Search code examples
pythonfor-loopoptimizationtime-complexitypython-itertools

Can this python code be more efficient?


I have written some code to find how many substrings of a string are anagram pairs. The function to find anagram(anagramSolution) is of complexity O(N). The substring function has complexity less than N square. But, this code here is the problem. Can it be more optimized?

for i in range(T):
    x = raw_input()
    alist = get_all_substrings(x)

    for k, j in itertools.combinations(alist,2):
        if(len(k) == len(j)):
            if(anagramSolution(k,j)):
                counter +=1

    counterlist.append(counter)
    counter = 0

The alist can have thousands of items (subsets). The main problem is the loop. It is taking a lot of time to iterate over all the items. Is there any faster or more efficient way to do this?


Solution

  • Define the anagram class of a string to be the set of counts of how many times each letter appears in the string. For example, 'banana' has anagram class a: 3, b: 1, n: 2. Two strings are anagrams of each other if they have the same anagram class. We can count how many substrings of the string are in each anagram class, then compute the number of pairs by computing (n choose 2) for every anagram class with n substrings:

    from collections import Counter
    
    anagram_class_counts = Counter()
    
    for substring in get_all_substrings(x):
        anagram_class_counts[frozenset(Counter(substring).viewitems())] += 1
    
    anagram_pair_count = sum(x*(x-1)/2 for x in anagram_class_counts.viewvalues())
    

    frozenset(Counter(substring).viewitems()) builds a hashable representation of a string's anagram class.

    • Counter takes an iterable and builds a mapping representing how many times each item appeared, so
    • Counter(substring) builds a mapping representing a string's anagram class.
    • viewitems() gives a set-like collection of letter: count pairs, and
    • frozenset turns that into an immutable set that can be used as a dict key.

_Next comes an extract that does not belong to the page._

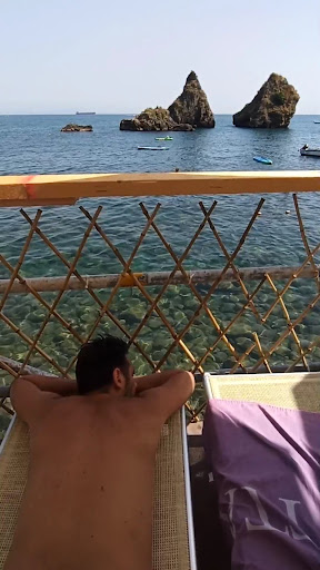 Read moreVietri sul mare, a luglio, di domenica... Già questo dovrebbe farti capire che se trovi posto e l'acqua pulita, sei fortunato. Sono venuto venerdì e sono ritornato domenica, ho trovato due volte il posto in prima fila, affacciato sul mare... Lettino per persona più ombrellone 40€, che considerando il giorno ed il periodo, sono buoni rispetto ad altri lidi. Essendo sul mare, scendi comodamente in acqua da una scaletta e puoi nuotare tranquillamente sotto ai due faraglioni di Capri in miniatura. La cosa che adoro è il fatto di avere la doccia gratis, perché al mare, se non ho la possibilità di farla ogni volta che esco dall'acqua, vado in crisi, qui ce ne sono due e sono gratis. Un'altra cosa che adoro è la musica in sottofondo, latino americana per la maggiore. Il bar ristorante ha ottimi drink ed anche il panino era buono. I prezzi di bevande e cibo sono però esagerati, ma posso capire perché in ogni caso, ingresso lettino ed ombrellone, considerando il posto ed il costo, sono quasi regalati quindi giustamente si rifanno sul cibo. In questo modo però, chi vuole fare soltanto il bagno, può ritenersi fortunato, perché può farlo in un posto esclusivo. La clientela è molto giovane, anche quelli grandicelli come me, si divertono e trascorrono un paio d'ore in allegria ed in totale relax. Ogni tanto ci viene anche qualche vip, oggi infatti sono stato fortunato perché ho trovato il calciatore Emanuele CALAIÓ che ho sempre amato quando giocava nel Napoli. Sono amante di Vietri, perché si raggiunge facilmente, ma preferivo andare sempre nella spiaggia libera più avanti, ma da quando hanno creato il molo per la partenza dei traghetti per la costa amalfitana, è diventato uno schifo, perché l'acqua è sempre sporca. Sono quindi contento di aver trovato questo lido, perché non viene minimamente attraverso da questi traghetti e mi permettono di godere del mare di Vietri in tutta...

    These steps together take time proportional to the size of the substring; on average, substrings are about a third of the size of the whole string, so on average, processing each substring takes O(len(x)) time. There are O(len(x)**2) substrings, so processing all substrings takes O(len(x)**3) time.

    If there are x substrings with the same anagram class, they can be paired up in x*(x-1)/2 ways, so the sum goes through the number of occurrences of each anagram class and computes the number of pairs. This takes O(len(x)**2) time, since it has to go through each anagram class once, and there can't be more anagram classes than substrings.

    Overall, this algorithm takes O(len(x)**3) time, which isn't great, but it's a lot better than the original. There's still room to optimize this, such as by computing anagram classes in a way that takes advantage of the overlap between substrings or by using a more efficient anagram class representation.